“There’s no plan from Senate Democrats or the White House to replace the sequester. And over the last 10 months, House Republicans have acted twice to replace the sequester.” — House Speaker John Boehner, R-Ohio, during a Sunday appearance on “Meet The Press.”
There were votes on Capitol Hill last week, followed by a high-level Friday White House meeting down Pennsylvania Avenue. But there was no serious effort to again delay or permanently replace the sequestration cuts. And there were plenty of iffy statements like the one uttered by the speaker.
But there were votes in the Senate, and even though it was narrowly defeated, the upper chamber did in fact vote on a Democratic-crafted plan that would have addressed the twin $500 billion cuts to planned defense and domestic spending. Which makes Boehner’s statement so eyebrow-raising.
He’s right on two counts: The GOP-controlled House did indeed approve two measures on the sequestration cuts. And while President Obama and White House officials floated ideas, there was never a formal White House plan submitted to lawmakers to turn into legislation.

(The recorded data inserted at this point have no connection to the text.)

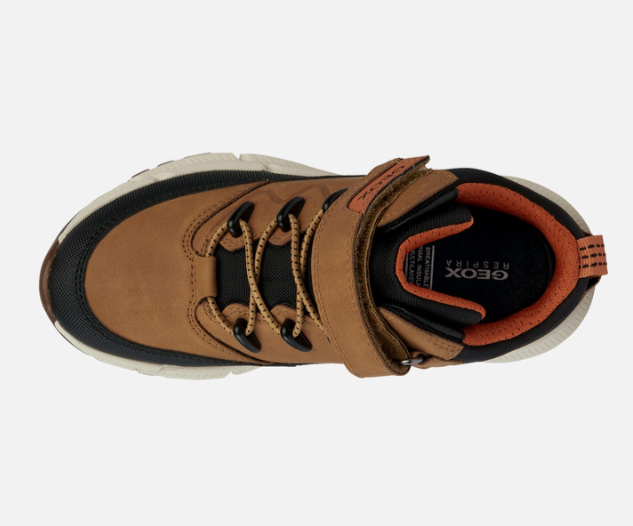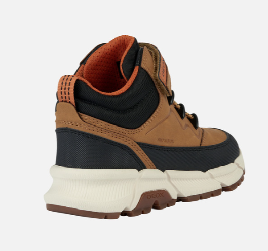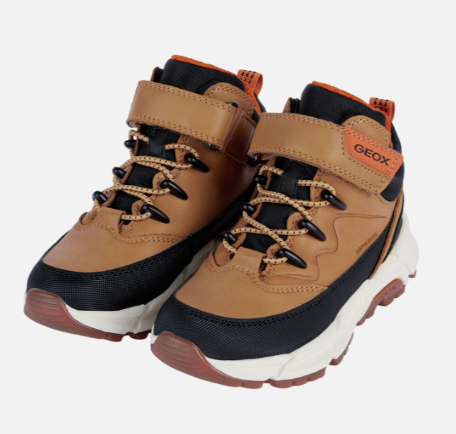 Baskets garçon imperméable Lacet élastiqué et velcro Boots enfant Tex respirant et résistant GEOX Flexyper coloris camel et noir
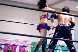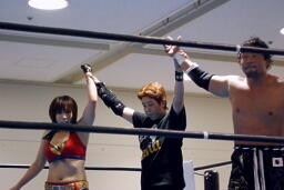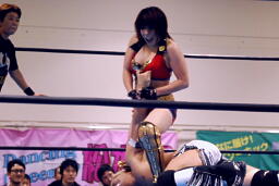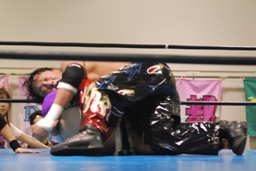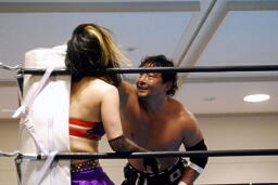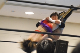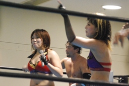 TAJIRIは美央をコーナーに詰めてパンチ連打(右写真)、そしてエビ固め、カウント2。
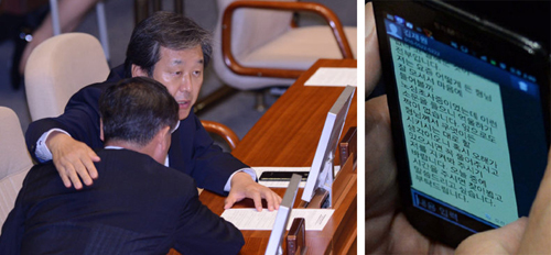 | “억울합니다” “괜찮아” ‘북방한계선(NLL) 회의록 대선 이전 입수 발언’의 당자인 새누리당 김무성 의원이 27일 국회 본회의장에서 발언 발설자로 지목된 김재원 의원의 등을 두드리며 이야기하고 있다. 오른쪽 사진은 김재원 의원이 김무성 의원을 찾아가기 전에 보낸 해명문자. 허정호 기자, 연합뉴스 |

But Boehner is simply wrong about the Senate Democrats. They did indeed release a bill, S.388, on Feb. 14. And Senate Majority Leader Harry Reid brought it — and a Republican sequestration bill that also was defeated — to a floor vote last Thursday.
Boehner might have meant Senate Democrats did not offer a plan that was ever going to pass their own chamber, much less the House. Which is, of course, just what was said about the two sequester measures Boehner pushed through the House.